Despite the fact that these garages went through an official Request For Proposal the financing structure and selection process has the appearance of yet another backroom subsidy deal. BCIDC president William Loewenstein is a strategic partner of lobbying powerhouse Stadtmauer Bailkin, LLP which specializes in securing public subsidies for its clients. The firm’s promotional materials identified him as such until last fall. Stadtmauer Bailkin is listed on the IDA’s core application as the attorney of CIDC.

 

This is a very tidy loop. Stadtmauer lobbies City Hall on behalf of Central Parking Systems, the business claiming it will operate the parking lots. Stadtmauer needs no introduction here. One of its managing directors has promoted herself as having written incentive guidelines as an employee of the New York City Economic Development Corporation. And the firm’s incentive procurement practice, was recently renamed Biggins Lacy Shapiro & Co. Jay Biggins is a former executive director of NYCEDC.  CIDC’s senior vice president Joseph Seymour is the former executive director of the Port Authority of New York and New Jersey.

 

Eliminating new parking garages and building a Metro North station would be a logical step toward compromising with the community.
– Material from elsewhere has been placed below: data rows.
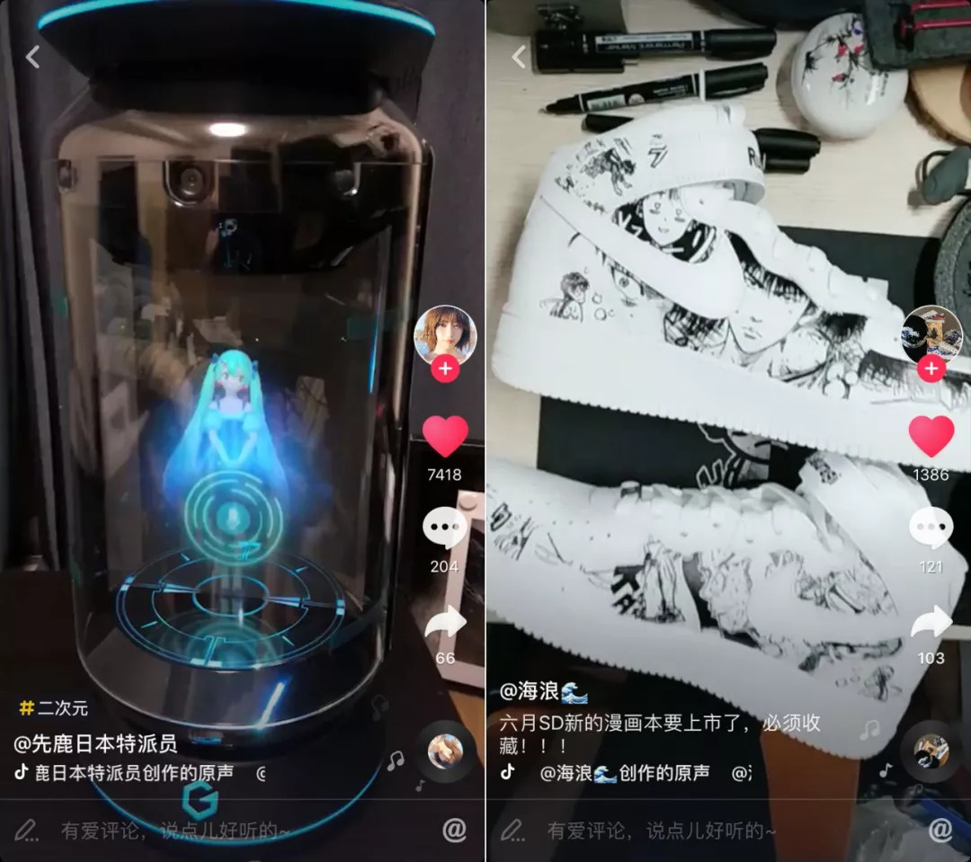 至于抖音中的“技术流”短视频,也同样有对应的二次元版本。比如@先鹿日本特派员 就上传了一段初音未来全息投影设备的短视频,@海浪 则通过手工绘制,制作了一双“限量版”Nike AF1。
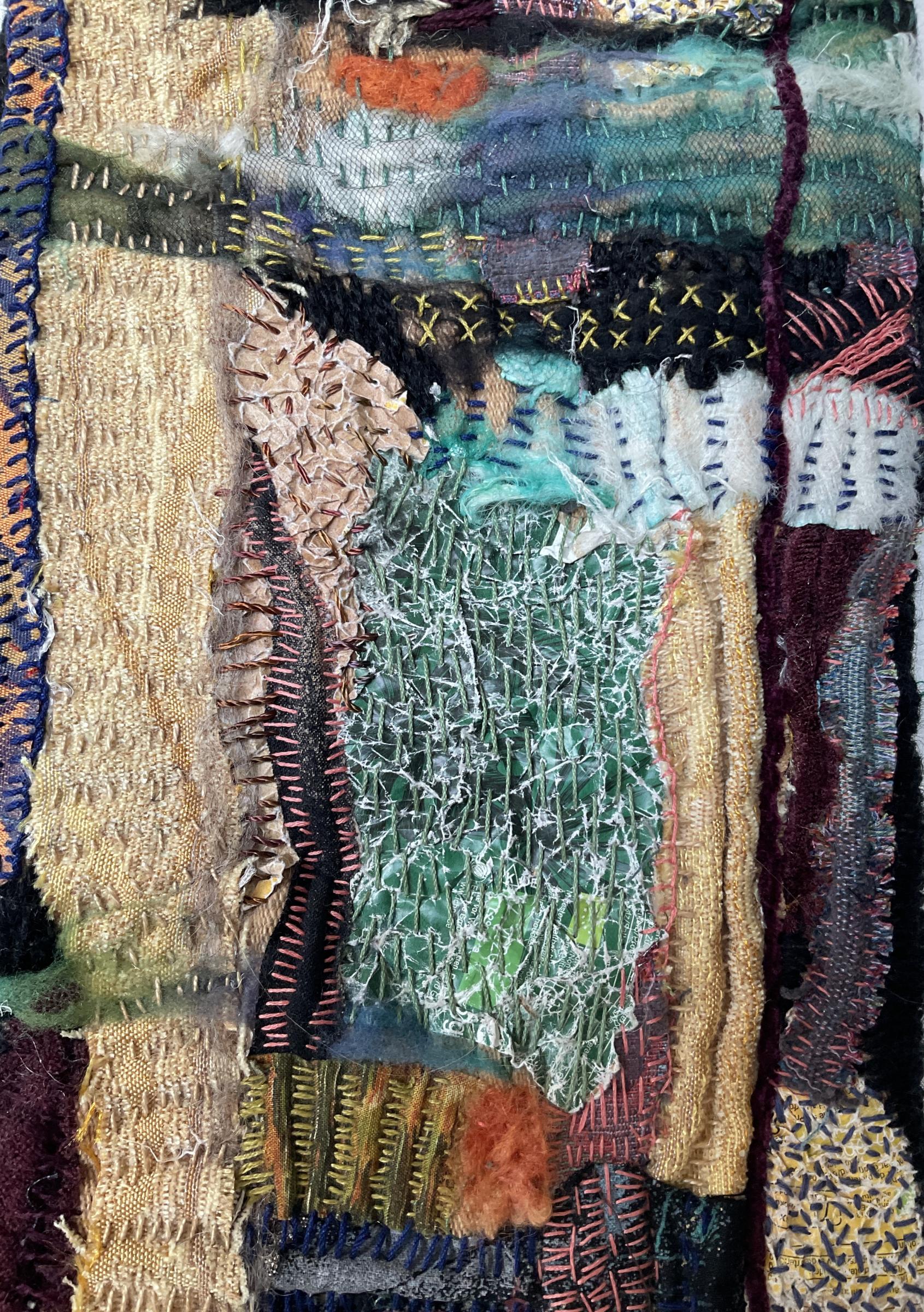 Hand-stitched with various threads on the background, fixing the fabric and paper scraps together.
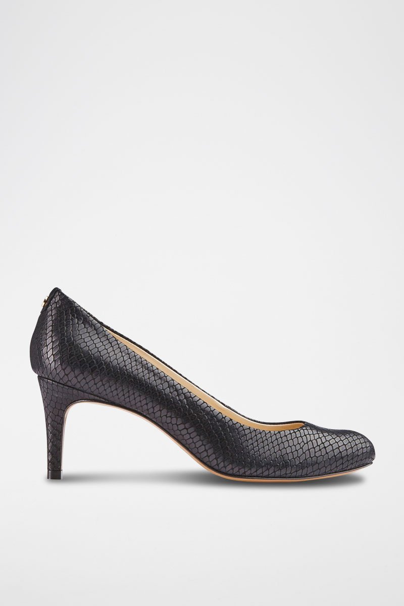 Sapatos de salto em couro de vaca.
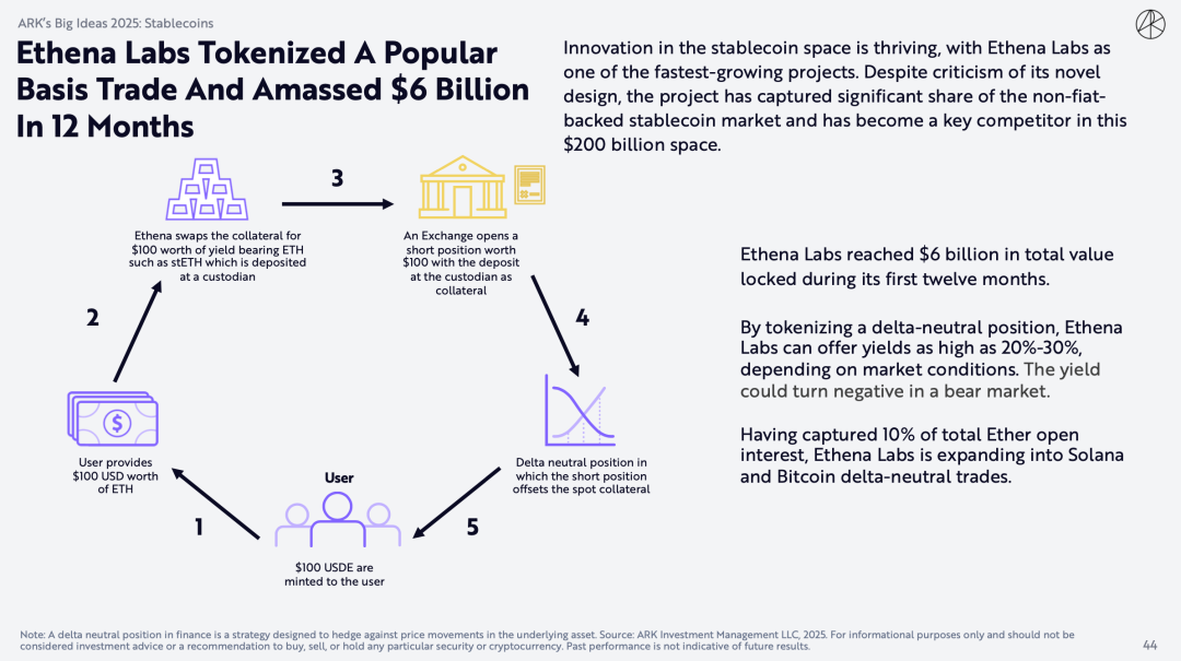 Ethena Labs在头12个月内锁定的总价值达到 60 亿美元。通过将 Delta中性仓位代币化,Ethena Labs可以提供高达20%-30%的收益率,具体取决于市场情况。在熊市中,收益率可能会变为负值。Ethena Labs已经占据以太坊总持仓量的10%,并正在向Solana和比特币delta-neutral交易扩展。
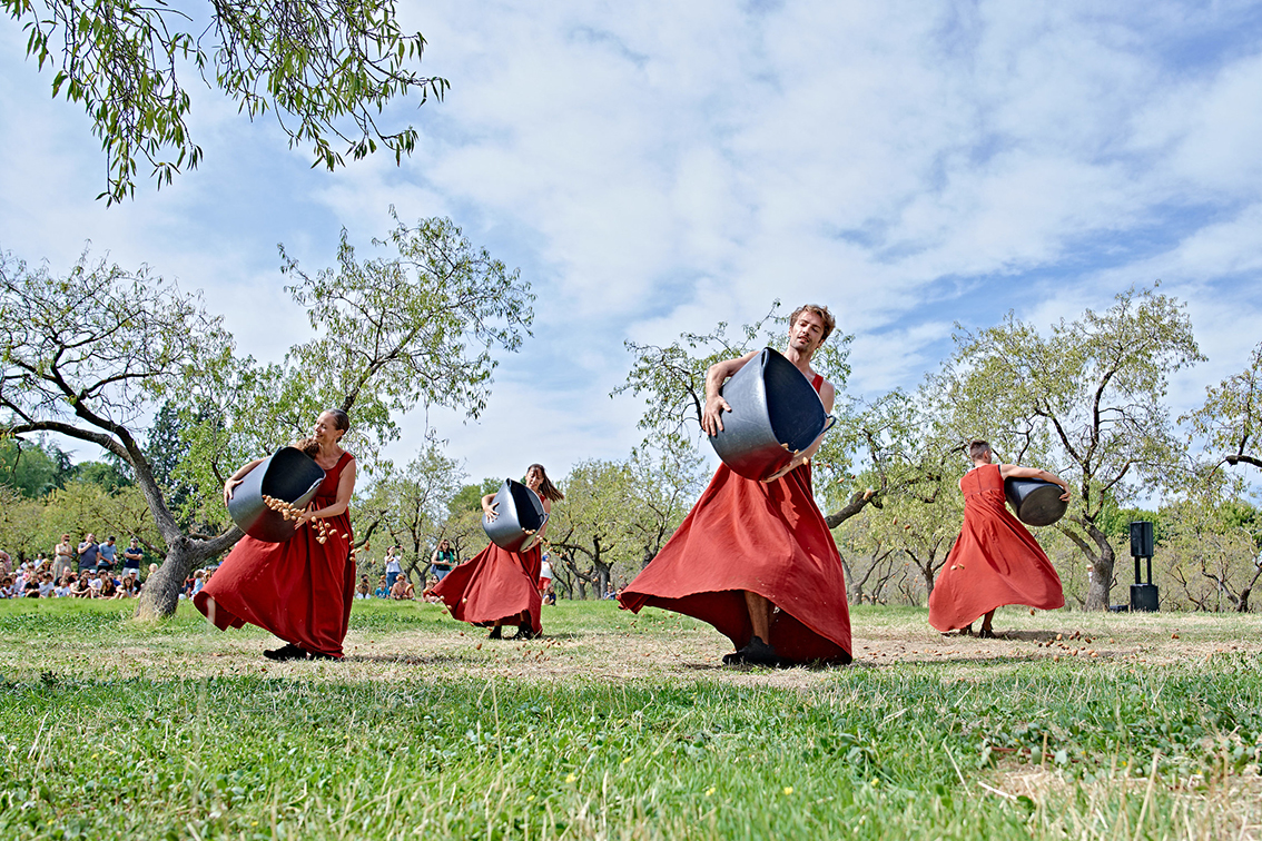 Ellos todos los años encargan a un coreógrafo o artista diferente para que haga la recolección de la almendra y luego la floración. Y en este caso me han llamado a mí porque les interesaba que lo realizara Aracaladanza. Yo encantado. Primero porque Espacio Abierto es un lugar que me gusta mucho como ya he dicho, sobre todo por el criterio que tiene de programación, que es exquisita, y poder participar en una programación así es un lujo. Y luego porque trabajar al aire libre es maravilloso, dirigiendo una propuesta que no solamente tiene que estar inspirado en las almendras y no salirse de la idea original, sino además mantener al público expectante en todo momento.

The neighborhood is under the grip of massive construction in a densely populated area and still awaiting the interim parks as promised by local elected officials.  From the secretive alienation of the parks to the city’s blatant disregard of the community board’s rejection of the stadium plan, the city has squarely held the priorities of the Yankees over democratic planning principles.

 

If private parking garages that will exacerbate neighborhood health problems can’t be developed without the aid of resources intended for true civic initiatives, maybe they shouldn’t be built.  Good Jobs New York requests the IDA board reject this proposal as it would prioritize the Yankees wish list at the expense of the South Bronx community.

 

Thank you for considering our comments.